PBMC subpopulation | Percentage of PBMC | Pairwise multiple comparison | |||||
---|---|---|---|---|---|---|---|
1. Controls | 2. non-sJIA | 3. sJIA | ANOVA | 1. vs. 2. | 1. vs. 3. | 2. vs. 3. | |
CD3-CD56+ | 6.1 ± 3.9 | 7.4 ± 4.0 | 4.7 ± 1.7 | 0.02 | NS | NS | < 0.05 |
CD56+ dim | 5.5 ± 3.5 | 6.7 ± 3.9 | 3.7 ± 1.4 | 0.009 | NS | NS | < 0.05 |
CD15+CD16- | 0.05 ± 0.03 | 0.06 ± 0.05 | 0.18 ± 0.19 | < 0.001 | NS | < 0.05 | < 0.05 |
CD8+CD25+ | 0.46 ± 0.26 | 0.78 ± 0.60 | 0.70 ± 0.40 | 0.005 | < 0.05 | NS | NS |
CD19+ | 16.8 ± 6.6 | 13.2 ± 5.8 | 11.7 ± 6.6 | 0.002 | < 0.05 | < 0.05 | NS |
CD34+ | 0.08 ± 0.04 | 0.08 ± 0.05 | 0.16 ± 0.11 | < 0.001 | NS | < 0.05 | < 0.05 |
CD34+CD33- | 0.05 ± 0.03 | 0.06 ± 0.04 | 0.11 ± 0.09 | < 0.001 | NS | < 0.05 | < 0.05 |
CD34+CD33+ | 0.03 ± 0.02 | 0.02 ± 0.02 | 0.05 ± 0.03 | < 0.001 | < 0.05 | NS | < 0.05 |
NK bright/dim ratio | 0.14 ± 0.09 | 0.13 ± 0.12 | 0.28 ± 0.16 | < 0.001 | NS | < 0.05 | < 0.05 |
CD4:CD8 ratio | 2.20 ± 0.7 | 2.14 ± 0.7 | 2.81 ± 0.9 | 0.006 | NS | < 0.05 | < 0.05 |
Differences were analyzed with one-way ANOVA followed by Tukey's pairwise multiple comparison, assuming a significance level of P < 0.05. PBMCs, peripheral blood mononuclear cells; JIA, juvenile idiopathic arthritis; sJIA, systemic JIA; non-sJIA, JIA other than sJIA.

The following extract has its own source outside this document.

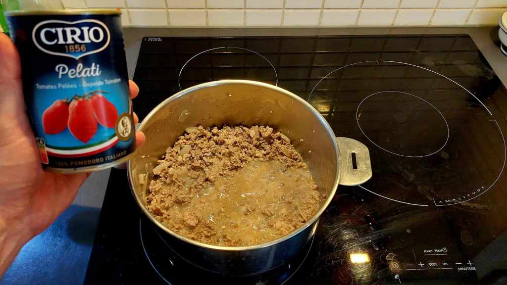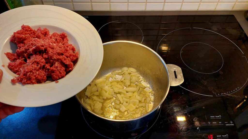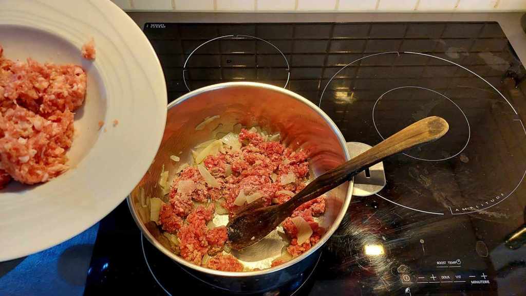 D’abord, la sauce, « à la bolognaise » ou presque. Dans une casserole, faites dorer un oignon émincé avec de l’huile extra vierge d’olive. Puis, ajoutez la chair à saucisse finement hachée…

Correlation of an erythropoiesis signature and innate immune response signature with immature precursor cells
The previously mentioned and reported erythropoiesis signature consists of 67 probe sets, many representing fetal and embryonic hemoglobins (hemoglobins δ, μ, γ, and θ), erythrocyte structural proteins (erythrocyte membrane protein band 4.2), surface proteins (glycophorins A, C), transporter proteins (solute carrier family 22, member 4; solute carrier family 25, member 37), enzymes (2,3-bisphosphoglycerate mutase, carbonic anhydrase I, δ-aminolevulinate synthase 2), and transcription factors (Kruppel-like factor 1) (see Additional file 1) [14]. Because this signature could potentially be produced by immature PBMC subpopulations, such as erythrocyte precursors, we wanted to determine whether this signature is associated with an expansion of immature PBMC subpopulations. We defined the erythropoiesis index as the geometric mean of the normalized expression values of the 67 probe sets contained in the erythropoiesis signature, signifying the strength of the erythropoiesis signature in individual samples or patients. The erythropoiesis index correlated significantly with the percentage of immature cell populations of PBMCs (Table 3): CD34+, CD34+CD33-, and CD15+CD16-; no significant correlation appeared for other PBMC subpopulations (data not shown). A similarly large correlation was observed for a previously described "innate immune response cluster" [14] with the following cell populations: CD34+ (r = 0.64), CD34+CD33- (r = 0.60) and CD15+CD16- (r = 0.47), CD34+CD33+ (r = 0.46), indicating that these cells are also highly associated with this gene-expression signature.
Table 3.
PBMC subpopulation/ratio | r (Pearson) | Correlation P value |
---|---|---|
CD34+ | 0.48 | < 0.001 |
CD34+CD33- | 0.45 | < 0.001 |
CD15+CD16- | 0.45 | < 0.001 |
CD34+CD33+ | 0.36 | < 0.001 |
NK bright/dim ratio | 0.38 | < 0.001 |
CD15+CD16+ | 0.38 | 0.04 |
|r| > 0.5 represents a large degree of correlation, 0.3 < |r| < 0.5 represents a moderate degree of correlation and 0.1 < |r| < 0.3 represents a small degree of correlation; |r| < 0.1 represents a lack of correlation (upper panel). Only PBMC subpopulations are shown for which P was < 0.05. A low P value indicates that the observed correlation coefficient is due to a statistically significant relation between the two variables.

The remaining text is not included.